Final answer:
The heat expelled in one cycle of a two-cycle engine rated at 4500 Watts and 20 percent efficient, cycling 10 times a second, is 1800 Joules.
Step-by-step explanation:
To calculate the heat expelled per cycle by a two-cycle engine with a known power output and efficiency, we first need to understand that the efficiency of an engine (η) is given by the ratio of work output (M) to the heat input (Qh). Mathematically, this is expressed as η = W/Qh. Given that the engine is 20 percent efficient and operates at 4500 Watts, and it cycles 10 times a second, we can set up the following calculation.
Firstly, we need to determine the work done in one second by the engine, which can be gotten by multiplying the power output by 1 second because power is defined as work done per unit time (P = W/t). Thus, W = P × t = 4500 Watts × 1s = 4500 Joules.

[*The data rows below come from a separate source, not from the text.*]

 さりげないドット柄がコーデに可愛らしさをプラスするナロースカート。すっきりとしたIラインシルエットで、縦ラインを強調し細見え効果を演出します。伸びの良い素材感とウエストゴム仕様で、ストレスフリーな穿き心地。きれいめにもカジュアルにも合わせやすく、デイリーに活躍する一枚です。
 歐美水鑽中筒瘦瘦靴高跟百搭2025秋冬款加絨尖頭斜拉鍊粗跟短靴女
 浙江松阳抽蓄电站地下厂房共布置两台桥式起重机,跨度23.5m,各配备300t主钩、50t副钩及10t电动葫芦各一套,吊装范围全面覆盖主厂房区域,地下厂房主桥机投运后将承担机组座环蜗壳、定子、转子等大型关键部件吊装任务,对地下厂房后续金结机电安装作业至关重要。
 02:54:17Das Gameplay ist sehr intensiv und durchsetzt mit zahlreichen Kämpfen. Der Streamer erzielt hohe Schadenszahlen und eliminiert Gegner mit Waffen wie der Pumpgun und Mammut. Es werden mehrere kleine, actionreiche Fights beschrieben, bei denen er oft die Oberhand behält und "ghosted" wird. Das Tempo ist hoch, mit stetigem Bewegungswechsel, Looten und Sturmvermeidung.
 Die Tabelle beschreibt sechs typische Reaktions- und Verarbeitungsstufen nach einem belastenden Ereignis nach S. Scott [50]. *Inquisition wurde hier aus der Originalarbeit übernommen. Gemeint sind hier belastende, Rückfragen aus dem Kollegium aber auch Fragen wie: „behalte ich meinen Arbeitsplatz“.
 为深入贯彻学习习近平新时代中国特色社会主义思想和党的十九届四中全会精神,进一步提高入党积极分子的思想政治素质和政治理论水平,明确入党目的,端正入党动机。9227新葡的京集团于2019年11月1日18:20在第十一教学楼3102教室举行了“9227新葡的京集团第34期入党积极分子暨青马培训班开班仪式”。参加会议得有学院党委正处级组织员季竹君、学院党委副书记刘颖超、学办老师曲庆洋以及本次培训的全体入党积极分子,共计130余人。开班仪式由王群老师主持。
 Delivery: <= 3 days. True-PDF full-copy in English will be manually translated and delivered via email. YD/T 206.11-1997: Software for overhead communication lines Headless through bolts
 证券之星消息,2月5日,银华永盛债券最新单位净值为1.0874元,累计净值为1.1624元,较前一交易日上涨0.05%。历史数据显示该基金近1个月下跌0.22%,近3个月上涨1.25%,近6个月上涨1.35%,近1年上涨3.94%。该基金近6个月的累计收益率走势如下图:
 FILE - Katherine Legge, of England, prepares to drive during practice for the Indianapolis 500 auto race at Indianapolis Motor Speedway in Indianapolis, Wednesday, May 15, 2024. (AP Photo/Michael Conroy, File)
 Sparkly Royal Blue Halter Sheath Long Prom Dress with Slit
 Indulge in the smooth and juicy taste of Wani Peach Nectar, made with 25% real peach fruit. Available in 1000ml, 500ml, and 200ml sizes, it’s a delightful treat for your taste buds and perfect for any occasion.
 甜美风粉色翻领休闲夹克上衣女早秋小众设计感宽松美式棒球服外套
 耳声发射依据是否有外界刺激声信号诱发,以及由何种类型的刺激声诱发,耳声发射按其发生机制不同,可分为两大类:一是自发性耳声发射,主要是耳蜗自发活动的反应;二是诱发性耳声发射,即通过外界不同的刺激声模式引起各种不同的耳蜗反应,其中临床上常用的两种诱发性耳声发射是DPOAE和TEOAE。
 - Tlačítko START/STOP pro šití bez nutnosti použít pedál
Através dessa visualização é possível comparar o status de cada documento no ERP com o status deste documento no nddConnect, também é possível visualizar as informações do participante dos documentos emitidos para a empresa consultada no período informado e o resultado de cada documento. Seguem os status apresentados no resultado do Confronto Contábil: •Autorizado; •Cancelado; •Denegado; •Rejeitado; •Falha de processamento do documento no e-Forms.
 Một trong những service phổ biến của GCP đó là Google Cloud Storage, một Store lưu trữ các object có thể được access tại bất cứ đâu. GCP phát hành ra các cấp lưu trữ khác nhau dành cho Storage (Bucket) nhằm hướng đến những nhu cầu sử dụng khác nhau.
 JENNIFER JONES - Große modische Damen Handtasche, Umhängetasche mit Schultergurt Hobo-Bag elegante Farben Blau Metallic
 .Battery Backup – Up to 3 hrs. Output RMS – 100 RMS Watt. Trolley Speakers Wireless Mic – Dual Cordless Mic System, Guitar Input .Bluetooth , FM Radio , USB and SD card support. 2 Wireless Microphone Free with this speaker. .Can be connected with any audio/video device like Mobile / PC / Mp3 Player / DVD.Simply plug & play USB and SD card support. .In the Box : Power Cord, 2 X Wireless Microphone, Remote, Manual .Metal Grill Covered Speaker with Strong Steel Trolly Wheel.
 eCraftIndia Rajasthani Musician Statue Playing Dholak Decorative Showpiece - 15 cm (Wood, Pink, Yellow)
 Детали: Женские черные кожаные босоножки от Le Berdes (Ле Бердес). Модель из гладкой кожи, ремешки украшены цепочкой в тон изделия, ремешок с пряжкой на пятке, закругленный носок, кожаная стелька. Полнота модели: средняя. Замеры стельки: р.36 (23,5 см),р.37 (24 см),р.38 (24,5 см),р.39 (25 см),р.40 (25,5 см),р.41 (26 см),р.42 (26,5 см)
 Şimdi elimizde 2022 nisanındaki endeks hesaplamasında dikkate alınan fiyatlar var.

Next, since the efficiency is 20%, meaning η = 0.20, we can calculate the heat input per second (Qh) using the efficiency formula η = W/Qh. Rearranging the equation, we get Qh = W/η. Then, Qh = 4500J/0.20 = 22500 Joules per second.
Given that the engine cycles 10 times per second, the heat input per cycle is Qh per cycle = Qh per second / number of cycles per second = 22500J / 10 = 2250 Joules per cycle.
Now, using the first law of thermodynamics, which states that the heat input (Qh) equals the work done (W) plus the heat expelled (Qc), we get Qc = Qh - W. Therefore, for one cycle, Qc per cycle = Qh per cycle - W per cycle = 2250J - 450J = 1800 Joules.
In conclusion, the heat expelled in one cycle by the two-cycle engine is 1800 Joules.